Cornet A, Barbier J, Debesse B, Elhadad A, Carnot F
Sem Hop. 1976 Oct 23;52(36):1965-73.
The authors report 15 cases collected over a few years on a gastroenterology unit, and emphasize the digestive complications occurring after pelvic or abdomino-pelvic irradiation for genital carcinoma. The rectum and pelvic colon are generally affected. The delays of onset after radiotherapy may reach or exceed several months.

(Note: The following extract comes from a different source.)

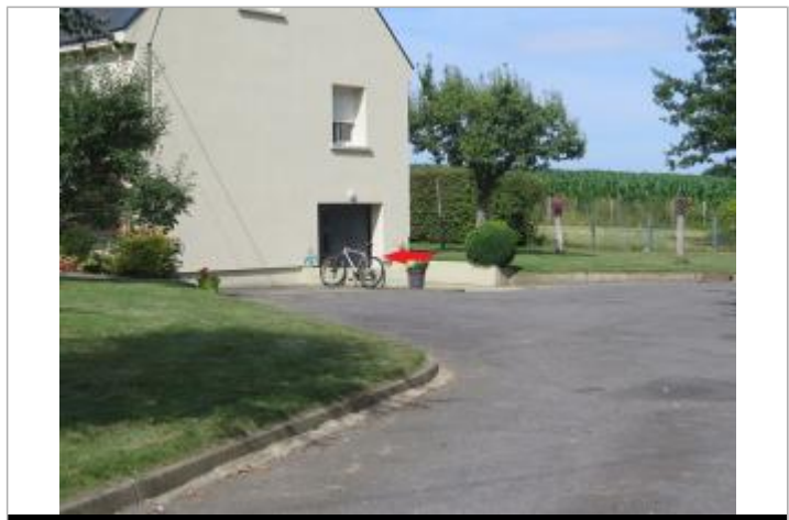
Photographie du repère ( 17/07/2019)

GÉNÉRAL Code : SPC VCB 22250-009a Date de mise à jour : 22/07/2019 Auteur : SPC VCB

The vascular lesions, caused by ionising radiation, explain the tissue ischemia and, consequently the failure of local medical treatment. When severe hemorrhage or visceral perforation occur, surgery is necessary. However, sutures often break down on these insufficiently vascularised tissues and re-operation is always associated with a poor prognosis.
作者报告了几年内在一个胃肠病科收集的15例病例,并强调了生殖器癌盆腔或腹盆腔放疗后出现的消化系统并发症。直肠和盆腔结肠通常会受到影响。放疗后发病延迟可能达到或超过数月。电离辐射引起的血管病变解释了组织缺血,因此局部药物治疗效果不佳。当发生严重出血或内脏穿孔时,手术是必要的。然而,在这些血管化不足的组织上缝合线往往会裂开,再次手术总是伴随着不良预后。